Description of the task =>
Word for word, restate the data that follows, omitting the images.

(Extracted data entries)
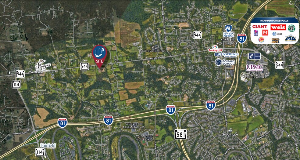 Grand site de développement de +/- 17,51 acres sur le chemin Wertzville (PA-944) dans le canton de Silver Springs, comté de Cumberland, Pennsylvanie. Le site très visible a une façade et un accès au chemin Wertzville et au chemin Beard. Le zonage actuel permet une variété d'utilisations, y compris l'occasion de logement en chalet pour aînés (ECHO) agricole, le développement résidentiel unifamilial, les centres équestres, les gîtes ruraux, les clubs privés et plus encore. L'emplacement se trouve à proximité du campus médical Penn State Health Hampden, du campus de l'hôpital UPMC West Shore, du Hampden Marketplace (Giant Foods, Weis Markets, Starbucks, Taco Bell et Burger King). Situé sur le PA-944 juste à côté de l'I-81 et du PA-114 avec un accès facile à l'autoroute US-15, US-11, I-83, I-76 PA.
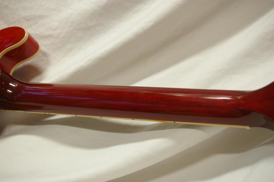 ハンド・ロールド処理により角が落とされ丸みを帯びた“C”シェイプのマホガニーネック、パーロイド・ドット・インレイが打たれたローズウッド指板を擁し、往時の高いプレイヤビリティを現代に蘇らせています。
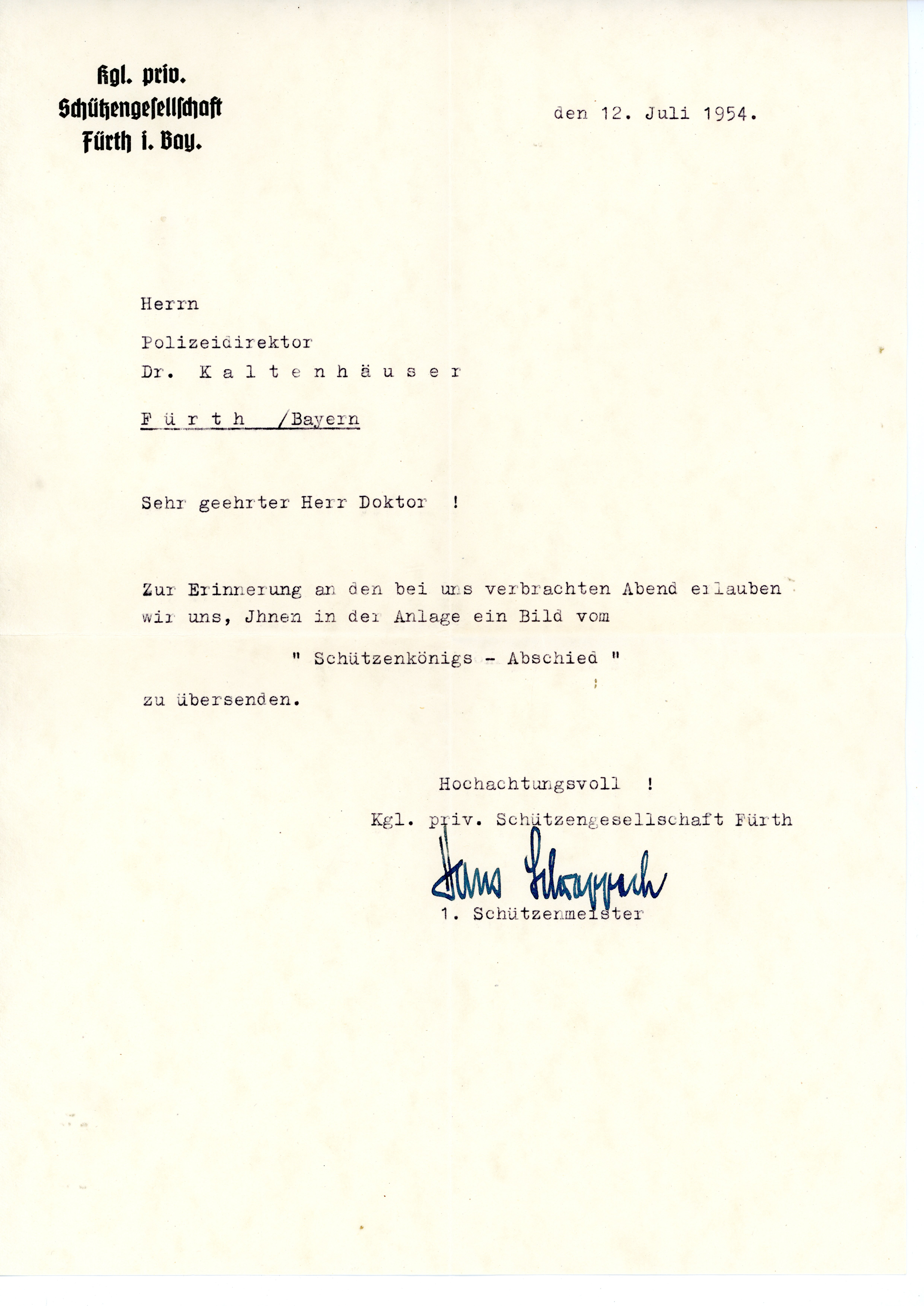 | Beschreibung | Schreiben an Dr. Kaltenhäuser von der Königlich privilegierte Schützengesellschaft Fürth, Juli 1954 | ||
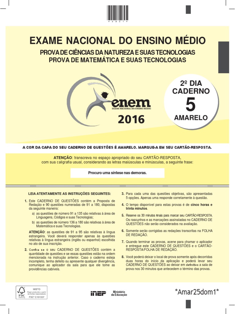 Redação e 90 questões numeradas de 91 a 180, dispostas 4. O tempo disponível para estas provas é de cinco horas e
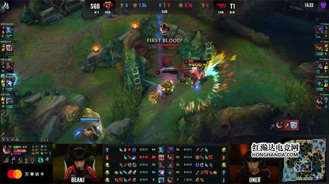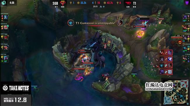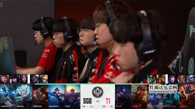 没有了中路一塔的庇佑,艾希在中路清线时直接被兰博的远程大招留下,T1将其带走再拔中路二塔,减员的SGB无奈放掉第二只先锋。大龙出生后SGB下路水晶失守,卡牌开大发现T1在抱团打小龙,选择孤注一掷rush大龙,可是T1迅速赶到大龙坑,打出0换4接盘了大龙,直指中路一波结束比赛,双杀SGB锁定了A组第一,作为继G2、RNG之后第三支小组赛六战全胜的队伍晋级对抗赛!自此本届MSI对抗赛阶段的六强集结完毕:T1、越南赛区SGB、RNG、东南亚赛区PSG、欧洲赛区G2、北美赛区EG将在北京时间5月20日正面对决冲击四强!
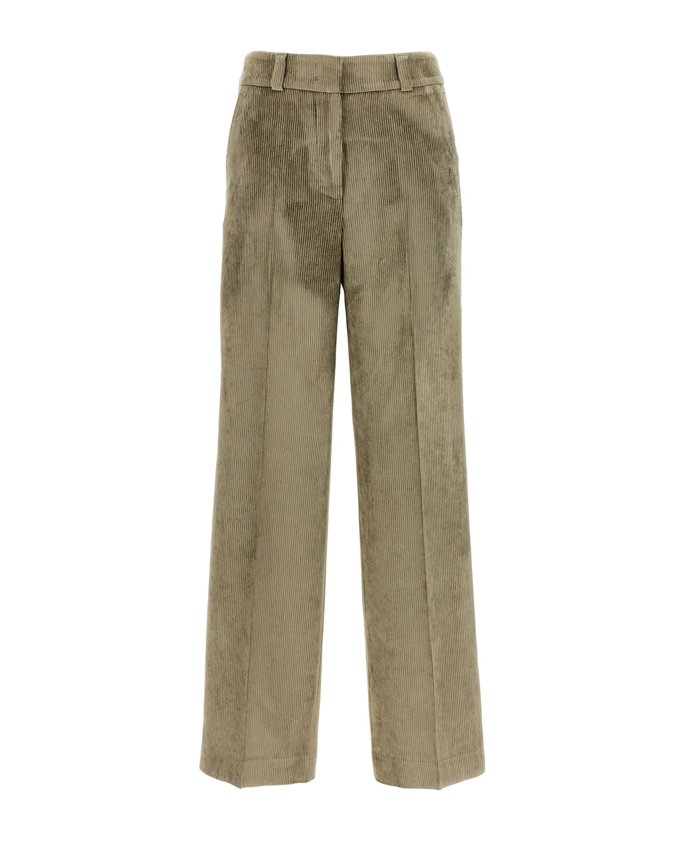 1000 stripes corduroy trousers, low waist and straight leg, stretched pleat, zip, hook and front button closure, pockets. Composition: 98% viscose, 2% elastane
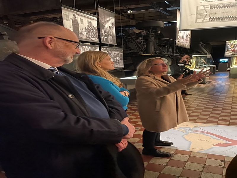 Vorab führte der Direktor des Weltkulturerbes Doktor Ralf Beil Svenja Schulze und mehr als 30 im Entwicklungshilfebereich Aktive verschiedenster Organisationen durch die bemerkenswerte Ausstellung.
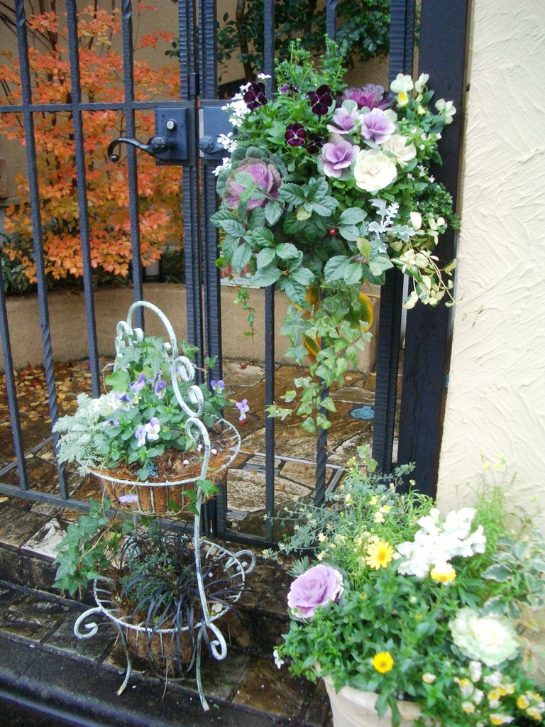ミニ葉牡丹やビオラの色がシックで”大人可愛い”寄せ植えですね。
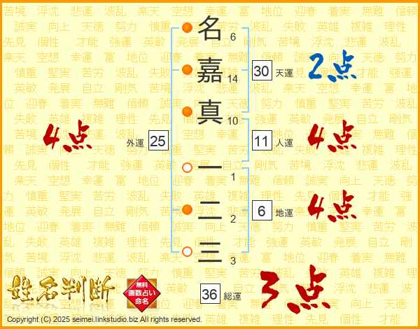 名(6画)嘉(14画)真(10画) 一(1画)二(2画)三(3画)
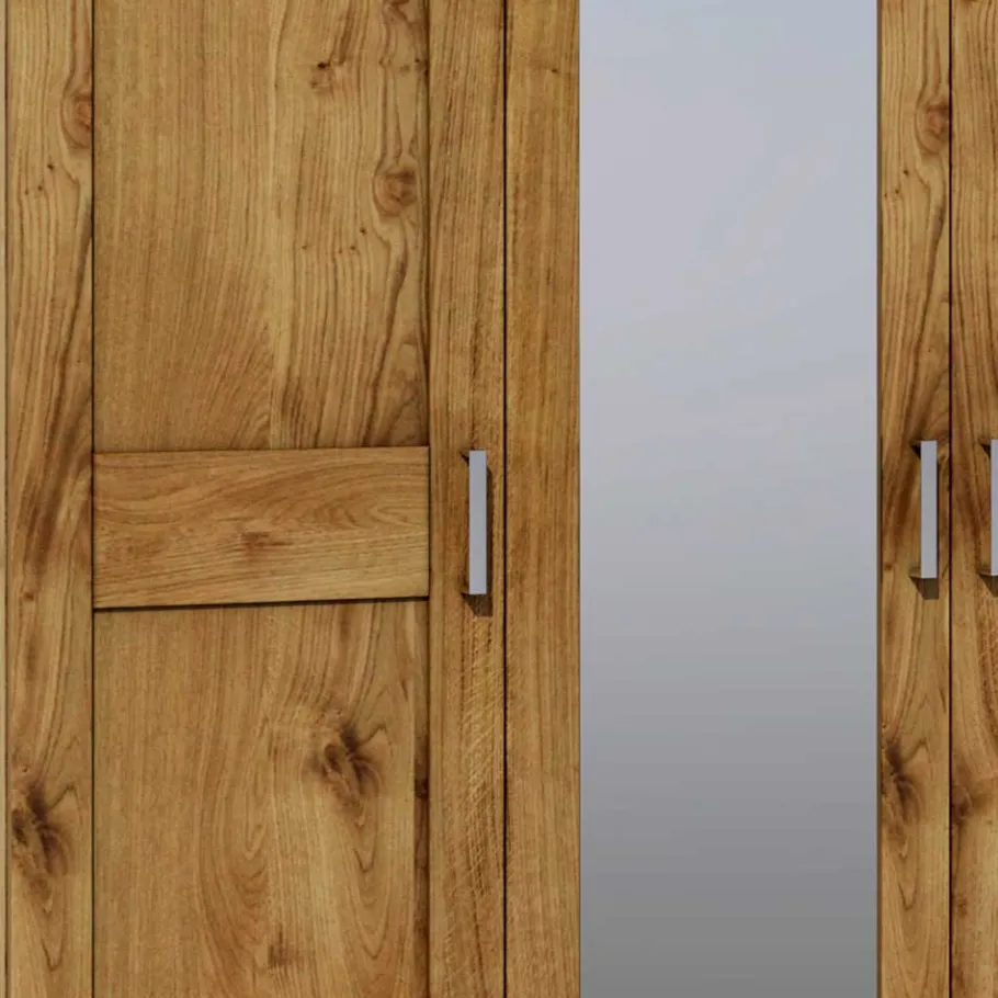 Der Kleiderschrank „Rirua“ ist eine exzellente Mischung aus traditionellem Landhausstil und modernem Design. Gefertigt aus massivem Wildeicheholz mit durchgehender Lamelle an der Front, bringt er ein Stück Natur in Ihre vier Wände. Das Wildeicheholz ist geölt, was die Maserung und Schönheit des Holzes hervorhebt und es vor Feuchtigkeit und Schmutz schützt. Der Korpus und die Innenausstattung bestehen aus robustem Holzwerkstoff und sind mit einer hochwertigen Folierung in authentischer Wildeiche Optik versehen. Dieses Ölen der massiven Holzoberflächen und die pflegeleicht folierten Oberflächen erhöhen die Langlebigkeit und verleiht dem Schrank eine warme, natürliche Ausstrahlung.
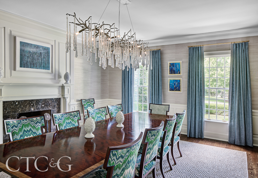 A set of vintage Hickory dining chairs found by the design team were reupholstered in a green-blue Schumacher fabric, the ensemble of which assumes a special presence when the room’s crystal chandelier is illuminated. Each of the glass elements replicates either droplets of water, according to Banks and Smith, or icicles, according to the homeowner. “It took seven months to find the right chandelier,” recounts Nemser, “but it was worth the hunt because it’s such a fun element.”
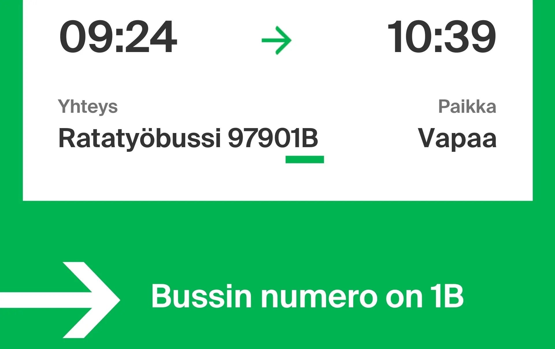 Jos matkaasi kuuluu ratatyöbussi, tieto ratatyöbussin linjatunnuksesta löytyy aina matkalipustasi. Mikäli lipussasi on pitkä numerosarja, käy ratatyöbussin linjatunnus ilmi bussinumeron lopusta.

Problem solution =>
 Grand site de développement de +/- 17,51 acres sur le chemin Wertzville (PA-944) dans le canton de Silver Springs, comté de Cumberland, Pennsylvanie. Le site très visible a une façade et un accès au chemin Wertzville et au chemin Beard. Le zonage actuel permet une variété d'utilisations, y compris l'occasion de logement en chalet pour aînés (ECHO) agricole, le développement résidentiel unifamilial, les centres équestres, les gîtes ruraux, les clubs privés et plus encore. L'emplacement se trouve à proximité du campus médical Penn State Health Hampden, du campus de l'hôpital UPMC West Shore, du Hampden Marketplace (Giant Foods, Weis Markets, Starbucks, Taco Bell et Burger King). Situé sur le PA-944 juste à côté de l'I-81 et du PA-114 avec un accès facile à l'autoroute US-15, US-11, I-83, I-76 PA.
 ハンド・ロールド処理により角が落とされ丸みを帯びた“C”シェイプのマホガニーネック、パーロイド・ドット・インレイが打たれたローズウッド指板を擁し、往時の高いプレイヤビリティを現代に蘇らせています。
 | Beschreibung | Schreiben an Dr. Kaltenhäuser von der Königlich privilegierte Schützengesellschaft Fürth, Juli 1954 | ||
 Redação e 90 questões numeradas de 91 a 180, dispostas 4. O tempo disponível para estas provas é de cinco horas e
 没有了中路一塔的庇佑,艾希在中路清线时直接被兰博的远程大招留下,T1将其带走再拔中路二塔,减员的SGB无奈放掉第二只先锋。大龙出生后SGB下路水晶失守,卡牌开大发现T1在抱团打小龙,选择孤注一掷rush大龙,可是T1迅速赶到大龙坑,打出0换4接盘了大龙,直指中路一波结束比赛,双杀SGB锁定了A组第一,作为继G2、RNG之后第三支小组赛六战全胜的队伍晋级对抗赛!自此本届MSI对抗赛阶段的六强集结完毕:T1、越南赛区SGB、RNG、东南亚赛区PSG、欧洲赛区G2、北美赛区EG将在北京时间5月20日正面对决冲击四强!
 1000 stripes corduroy trousers, low waist and straight leg, stretched pleat, zip, hook and front button closure, pockets. Composition: 98% viscose, 2% elastane
 Vorab führte der Direktor des Weltkulturerbes Doktor Ralf Beil Svenja Schulze und mehr als 30 im Entwicklungshilfebereich Aktive verschiedenster Organisationen durch die bemerkenswerte Ausstellung.
ミニ葉牡丹やビオラの色がシックで”大人可愛い”寄せ植えですね。
 名(6画)嘉(14画)真(10画) 一(1画)二(2画)三(3画)
 Der Kleiderschrank „Rirua“ ist eine exzellente Mischung aus traditionellem Landhausstil und modernem Design. Gefertigt aus massivem Wildeicheholz mit durchgehender Lamelle an der Front, bringt er ein Stück Natur in Ihre vier Wände. Das Wildeicheholz ist geölt, was die Maserung und Schönheit des Holzes hervorhebt und es vor Feuchtigkeit und Schmutz schützt. Der Korpus und die Innenausstattung bestehen aus robustem Holzwerkstoff und sind mit einer hochwertigen Folierung in authentischer Wildeiche Optik versehen. Dieses Ölen der massiven Holzoberflächen und die pflegeleicht folierten Oberflächen erhöhen die Langlebigkeit und verleiht dem Schrank eine warme, natürliche Ausstrahlung.
 A set of vintage Hickory dining chairs found by the design team were reupholstered in a green-blue Schumacher fabric, the ensemble of which assumes a special presence when the room’s crystal chandelier is illuminated. Each of the glass elements replicates either droplets of water, according to Banks and Smith, or icicles, according to the homeowner. “It took seven months to find the right chandelier,” recounts Nemser, “but it was worth the hunt because it’s such a fun element.”
 Jos matkaasi kuuluu ratatyöbussi, tieto ratatyöbussin linjatunnuksesta löytyy aina matkalipustasi. Mikäli lipussasi on pitkä numerosarja, käy ratatyöbussin linjatunnus ilmi bussinumeron lopusta.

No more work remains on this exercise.